> [Task requirements]:
Copying rule for the data below: pictures stay out, and only the lines from the one with "关于印发贯彻落实《江西省人民" down to the one with "action, cardio, competition", inclusive, are repeated exactly.

> [Exercise material]:
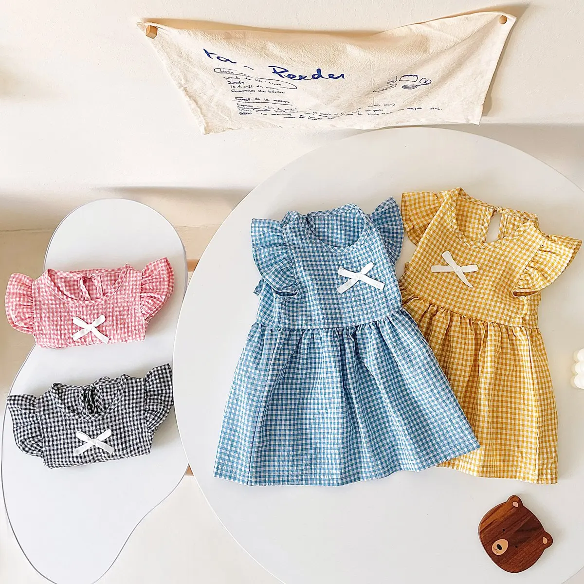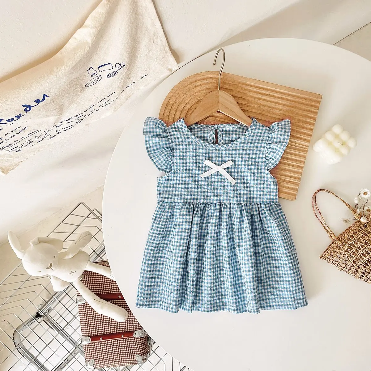 Sanlutoz Adorable Summer Baby Girls Dress Pure Cotton Korean Style Princess Kids Dress Plaid
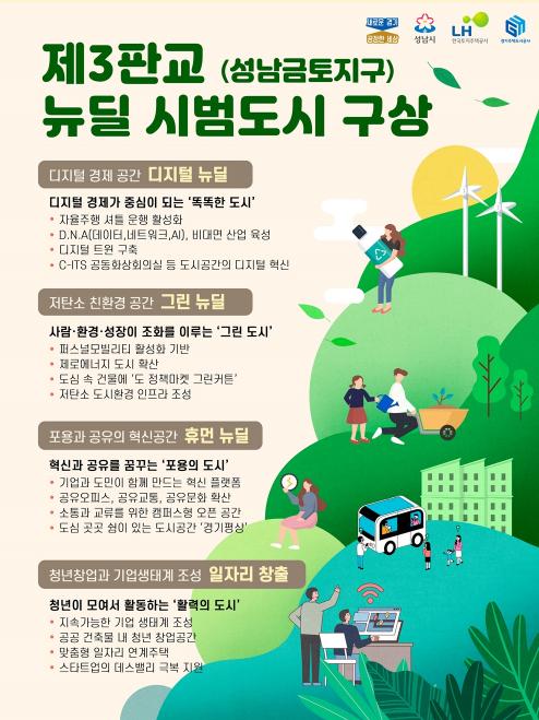 [한국4차산업신문] 경기도가 제3판교(성남금토지구)를 뉴딜 시범도시로 조성한다. 뉴딜 시범도시란 정부와 경기도의 뉴딜을 집약한 축소판으로 D.N.A(데이터, 5G, AI), 비대면 산업을 육성하고 도시 내 저탄소 인프라를 구축해 혁신과 일자리를 창출하며 청년과 신혼부부의 주거안정을 계획한 도시를 말한다.
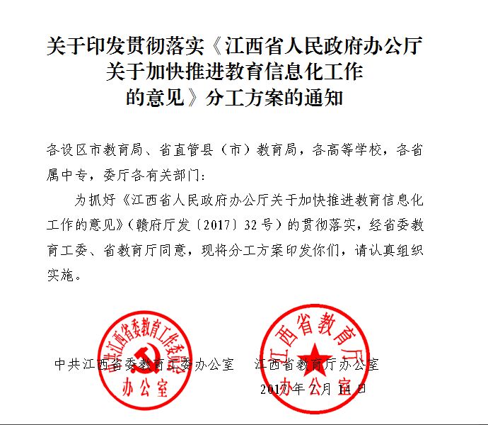 关于印发贯彻落实《江西省人民政府办公厅关于加快推进教育信息化工作的意见》分工方案的通知
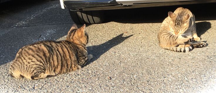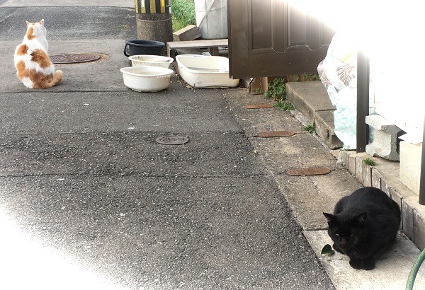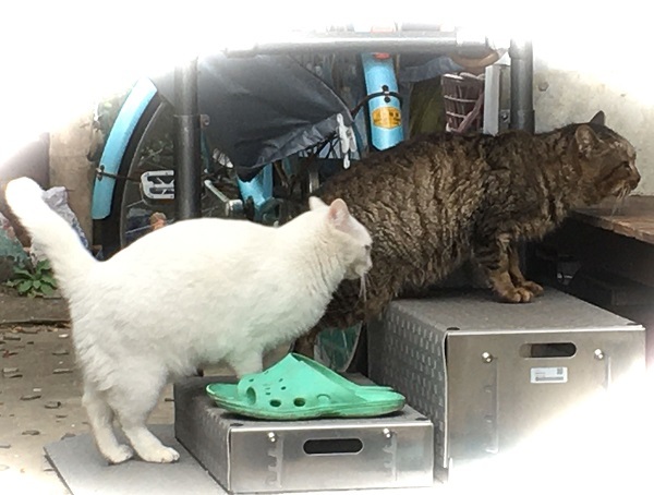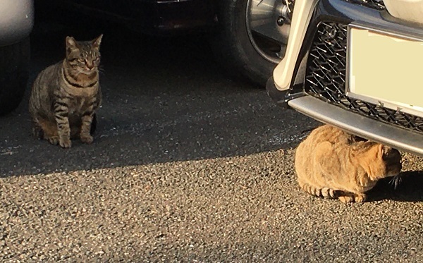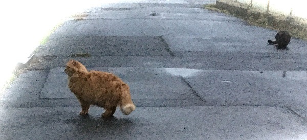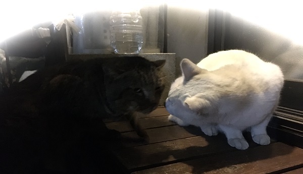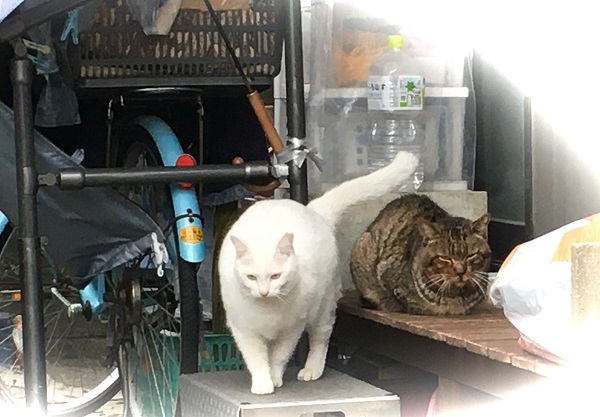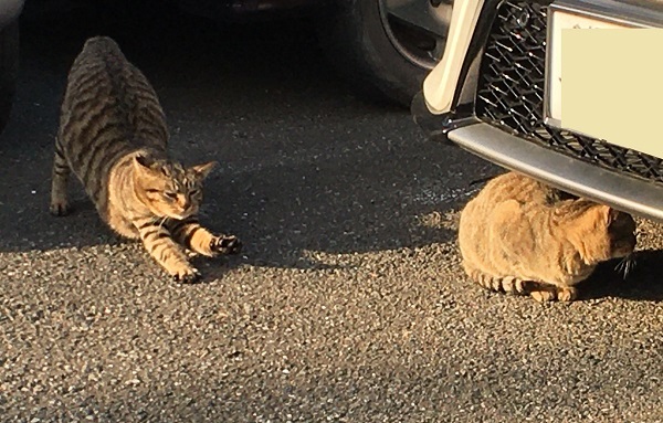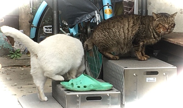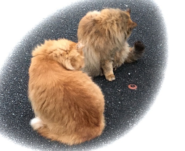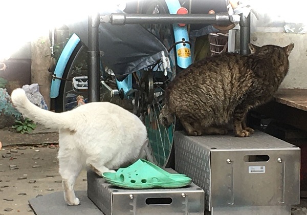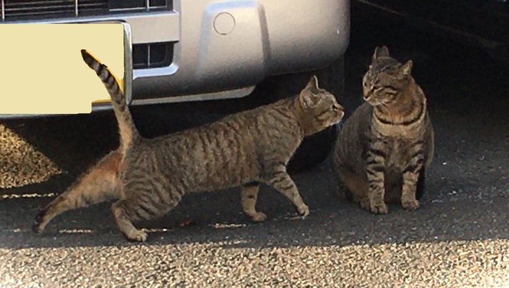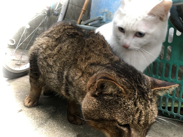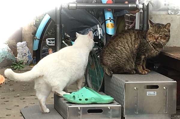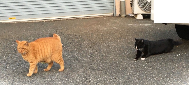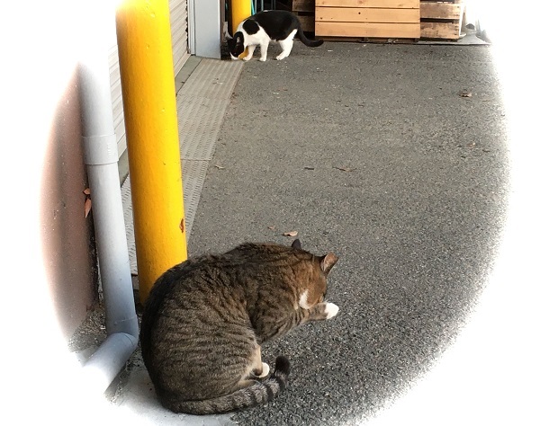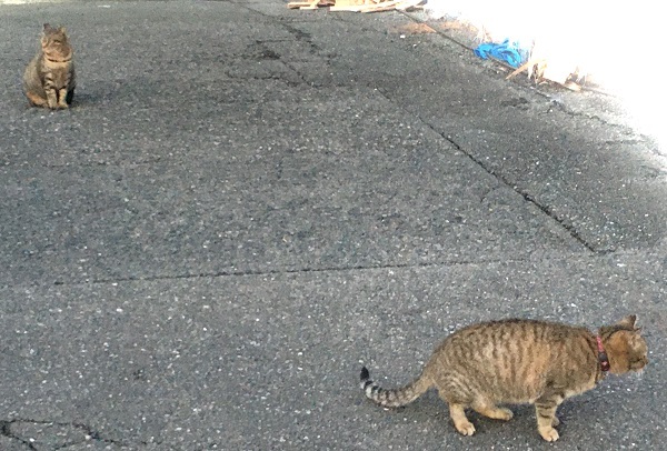17:52 やまだ電機にて。大らかな茶トラと器の小さい子。
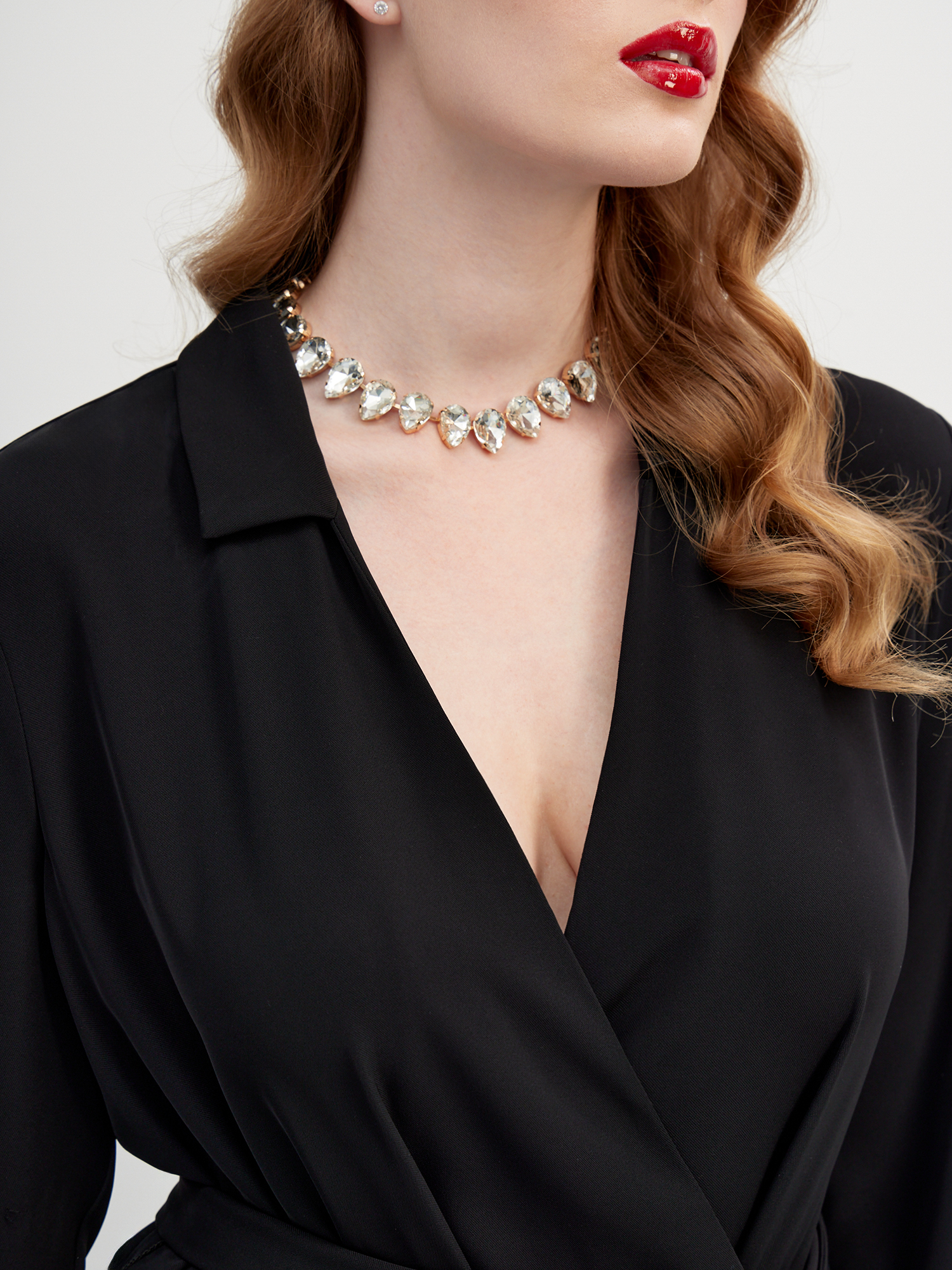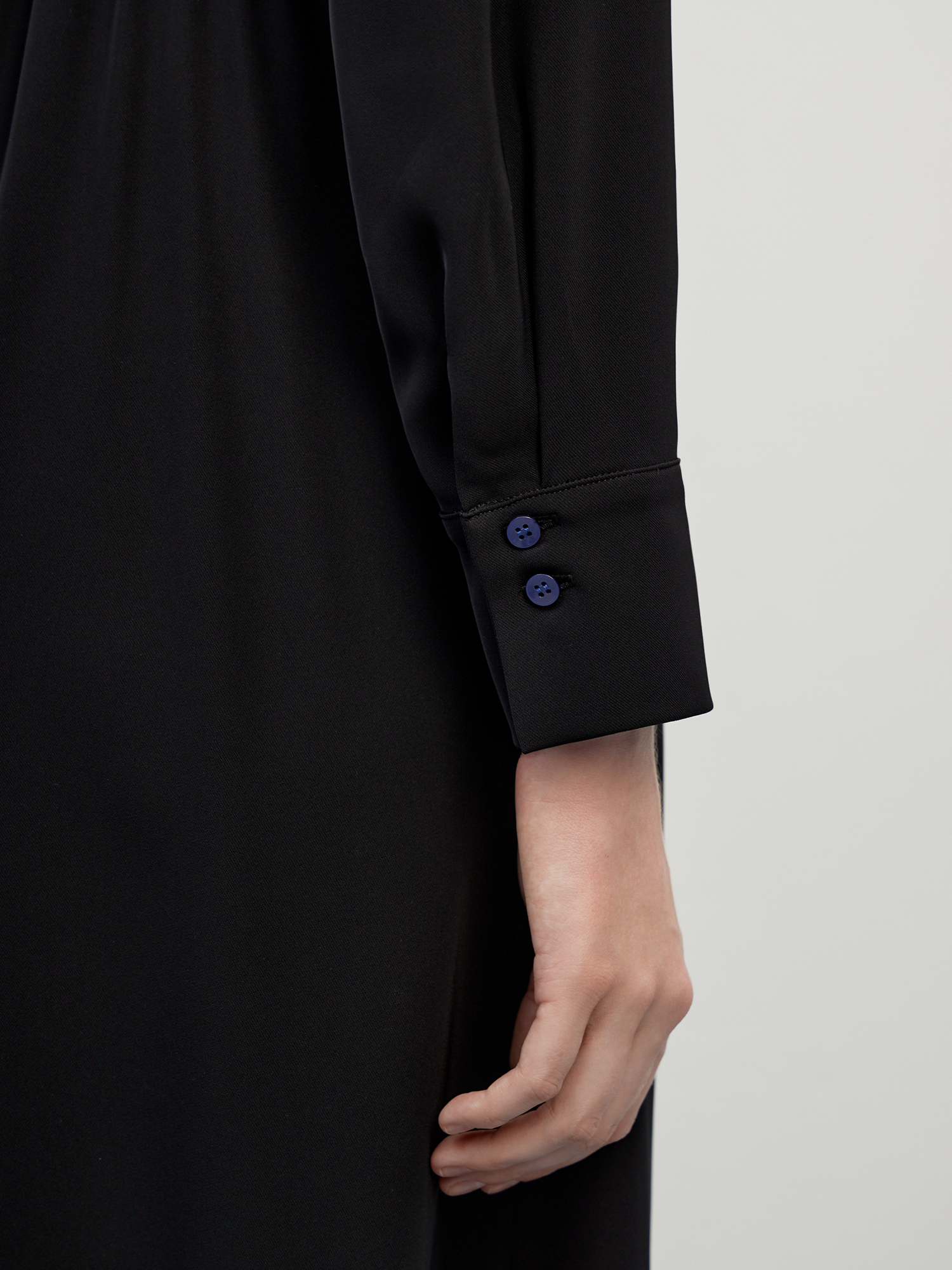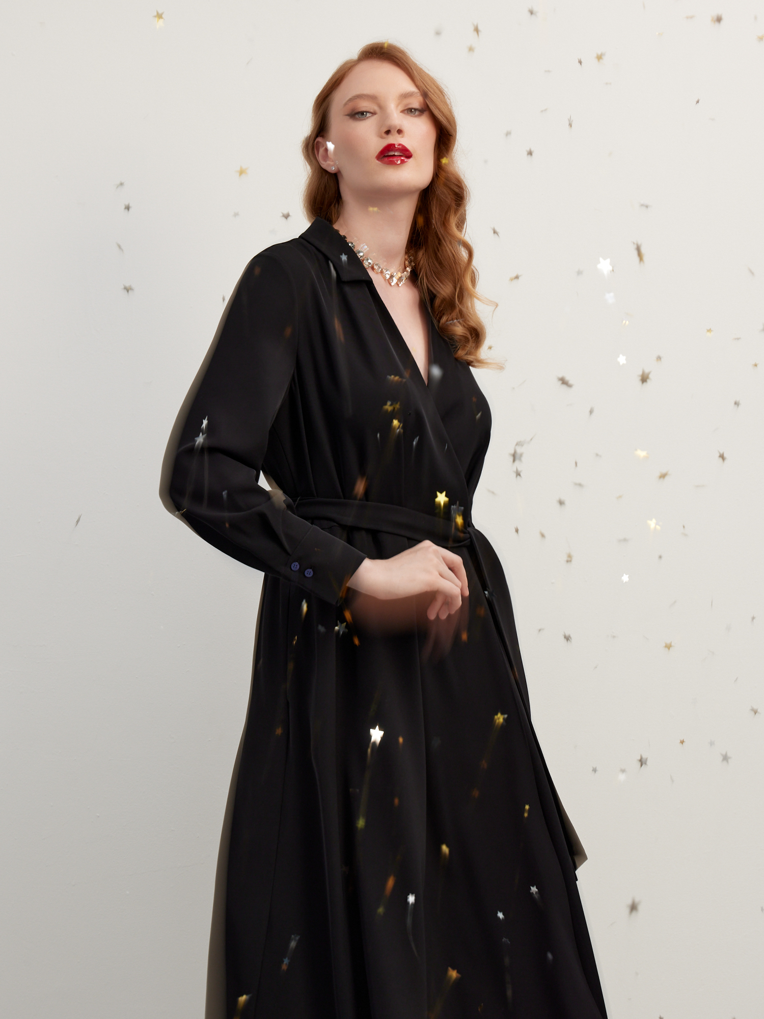 Платье-миди на запах с глубоким V-образным декольте и с широким поясом-лентой, помогающим создать женственный образ и акцентировать внимание на талии. Свободные рукава дополнили складкой у широкой манжеты с аккуратными металлическими пуговицами. Тонкий гладкий текстиль мягко прилегает к телу и не сковывает движений.
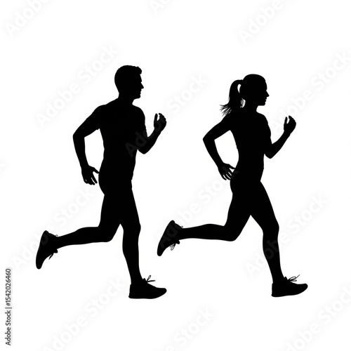running, jogging, sprinting, marathon, athlete, male, female, couple, silhouette, cartoon, exercise, fitness, sport, active, dynamic, speed, training, physical exercise, health, motion, figure, human, body, minimalist, graphic, vector, icon, symbol, design, pace, endurance, action, cardio, competition
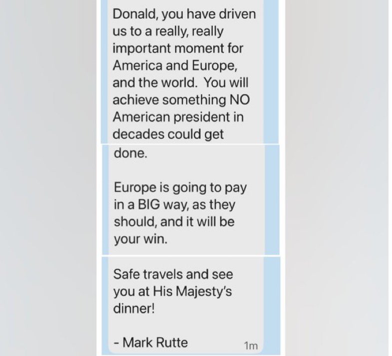 “Donald, nos has llevado a un momento verdaderamente importante para América, Europa y el mundo”, continúa el mensaje. “El esfuerzo de Europa será considerable, como debe ser, y esta será tu victoria”, concluye supuestamente Rutte, según el contenido difundido por Trump.
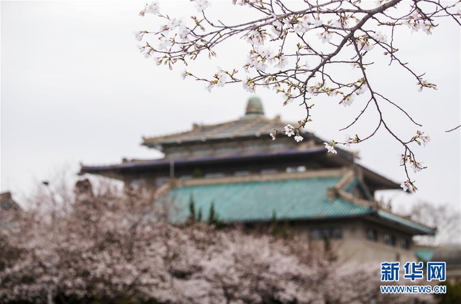 近日,隨著氣溫上升,武漢大學圖書館附近一片櫻花開放。新華社記者費茂華攝

> [Exercise solution]:
 关于印发贯彻落实《江西省人民政府办公厅关于加快推进教育信息化工作的意见》分工方案的通知
17:52 やまだ電機にて。大らかな茶トラと器の小さい子。
 Платье-миди на запах с глубоким V-образным декольте и с широким поясом-лентой, помогающим создать женственный образ и акцентировать внимание на талии. Свободные рукава дополнили складкой у широкой манжеты с аккуратными металлическими пуговицами. Тонкий гладкий текстиль мягко прилегает к телу и не сковывает движений.
running, jogging, sprinting, marathon, athlete, male, female, couple, silhouette, cartoon, exercise, fitness, sport, active, dynamic, speed, training, physical exercise, health, motion, figure, human, body, minimalist, graphic, vector, icon, symbol, design, pace, endurance, action, cardio, competition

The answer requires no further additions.